Carprieve presents in 20 mg, 50 mg, and 100 mg capsules for oral use and a long-acting injection (Figure 2). Carprieve favoured tablets have been launched by Norbrook Laboratories to help make dosing dogs a stress-free experience for dog and owner (Norbrook, 2011).

Figure 2. Carprieve presents in 20 mg, 50 mg, and 100 mg capsules for oral use and a long-acting injection.

Carprieve offers COX-2 preferential pain release, with the favoured tablets mainly indicated for chronic inflammation, such as degenerative joint disease in dogs, as well as post-operative pain management. The new tablets are pork liver favoured and highly palatable. Tests have shown that 75% of dogs will take them voluntarily (Norbrook, 2011). This should dramatically improve client administration techniques promoting optimum effects of the medication.

Carprieve has no UK license for cats and is con-traindicated in them and the inadvertent administration of oral carprofen tablets may induce life-threatening conditions in this species.

Conclusion

NSAIDS are commonly chosen in veterinary practices for the treatment of somatic and integumental pain (Flaherty and MacGillivray, 2007).
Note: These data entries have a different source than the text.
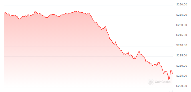 SOL price down in the last 24 hours. Source: Coingecko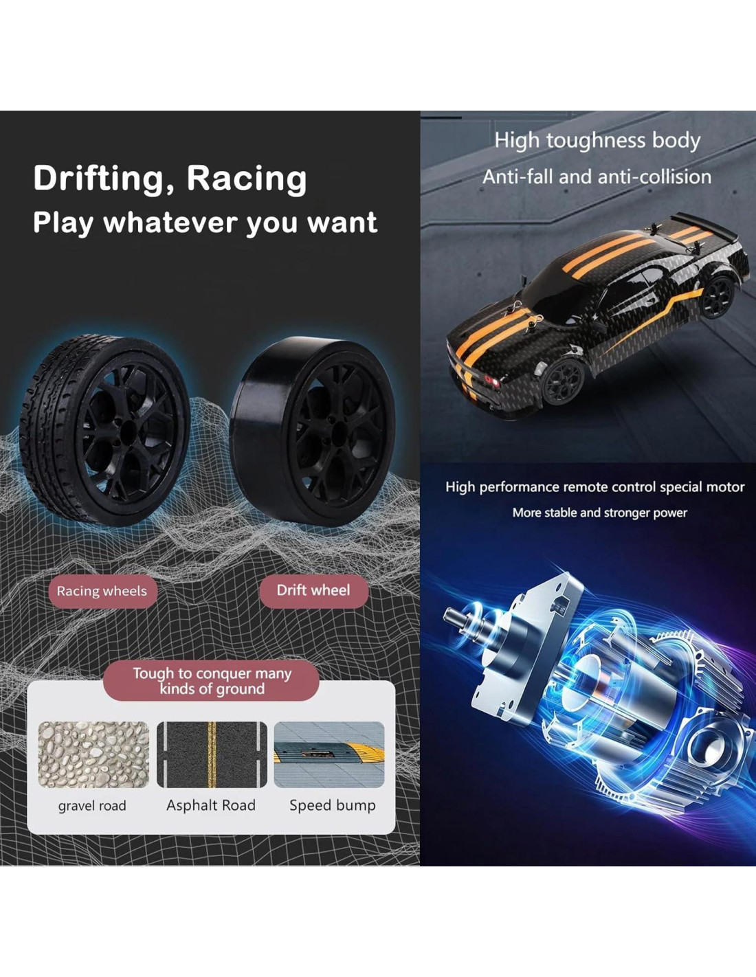 - [Materiales Duraderos] : El coche de carreras de deriva está construido con materiales de alta resistencia, asegurando un excelente rendimiento anti-colisión y anti-caída, protegiendo el vehículo durante conducciones intensas.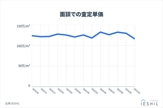 直近1年間に東京都内の物件を対象に行われたIESHIL査定依頼データを分析したところ、平方メートル 単価ベースでの査定額推移は「ほぼ横ばい」という結果になりました。不動産査定の主流である「取引事例比較法」は、過去の成約事例を基礎として算出されます。つまり、売り出し価格が期待値先行で上昇を続ける一方で、実際の成約に基づいた客観的な市場価値は、踊り場に差し掛かっているという実態が浮き彫りになっています。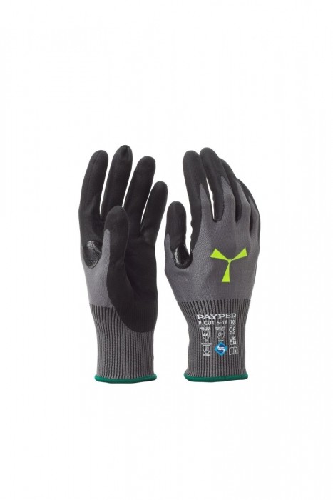 Rękawica odporna na przecięcia, przędza HPPE 18g, dzianinowy mankiet, nitrylowe wzmocnienie między kciukiem a palcem wskazującym, powłoka z mikropianki nitrylowej na wewnętrznej stronie dłoni, aby zapewnić doskonałą przyczepność. Cechy: wytrzymała, wygodna i elastyczna przędza – Mocne strony: komfort, elastyczność, odporność na przecięcie na poziomie F (TDM cut)/A6 (ANSI/ISEA). Zakres stosowania: obsługa i montaż ostrych przedmiotów, idealna w suchym środowisku lub przy umiarkowanej obecności olejów/węglowodorów. Długotrwała świeżość dzięki funkcjom higienizującym Sanitised®. Karton zawiera 6 pudełek ekspozycyjnych po 12 par, łącznie 72 pary. Każda para posiada kartonową zawieszkę z otworem. Kolor brzegu zmienia się w zależności od rozmiaru.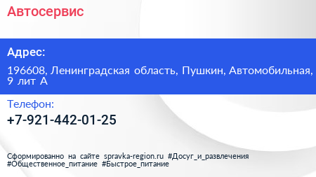 Автосервис по адресу 196608, Ленинградская область, Пушкин, Автомобильная, 9 лит А в дальнейшем Организация, размещена в следующих категориях: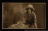 Photograph of Countess Markievicz shown reclining, supported by her left hand, wearing a hat and cloak. 5.2 inches by 3.1 inches.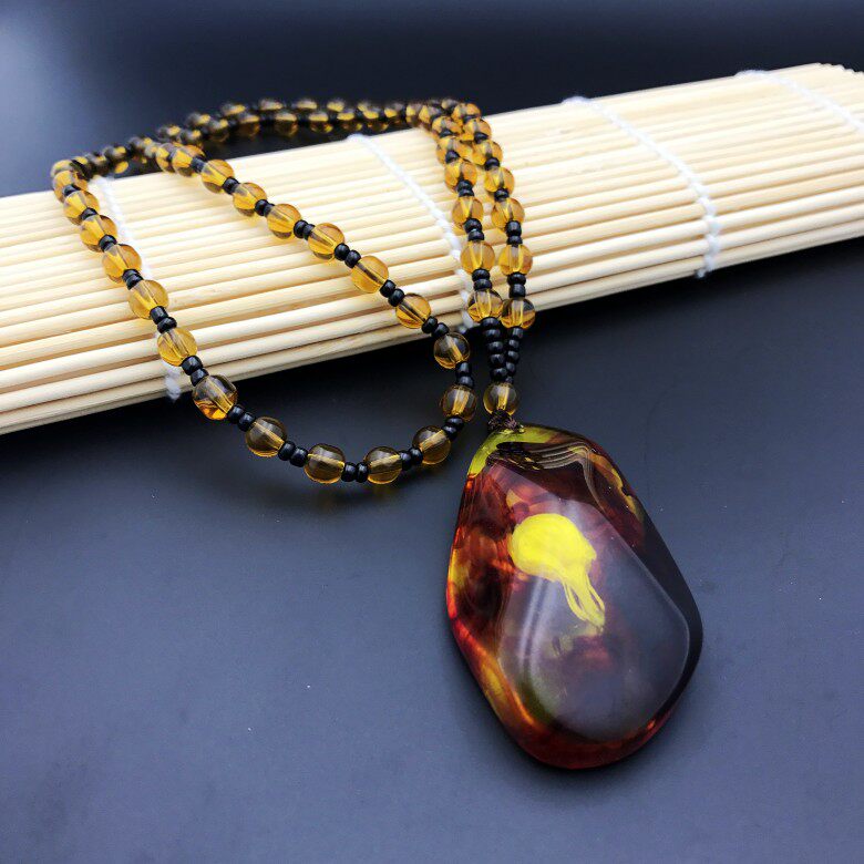 New Ground Stand Products Brazil Plant Fossilized Amber Honey Wax Pendant Worm Perpper Pendant Necklace Factory Price Spot Direct

Their versatility is a possible reason why they are commonly selected as they can be used successfully in treating pain pre-operatively, intra-operatively, post-operatively and additionally used in long-term treatment in dogs. The duration of action is the longest in analgesia medications (Grant, 2006), requiring less frequent administration than most other analgesics. This should improve owner compliance and help to keep the costs to a minimum. Which NSAID to choose is ultimately the veterinary surgeon's decision but this may be based on any concurrent NSAIDs the patient has received within a 24 hour period, the specification towards COX enzymes, interactions with other medications, contraindications and expected side effects of the medication. Client compliance must also be considered with administration benefits of the medication being made a priority factor. Good client compliance will clearly improve the effects of the medication ensuring it reaches its optimum effect for the patient (Innes, 2006). An NSAID that is seen by the client to be effective, without side effects and easy to administer may improve client confidence in its administration, ultimately providing the optimum effect for the patient.

Key Points

  • NSAIDS are commonly chosen for their analgesic properties.
  • NSAIDS produce analgesia by conversion of arachidonic acid to prostaglandins.
  • Newer NSAIDS are more specifically selective on COX-2 inhibition.
  • Carprofen (Carprieve) has a greater specificity for COX-2, giving it a greater safety profile.
  • No analgesic will achieve optimum effects if client compliance is poor.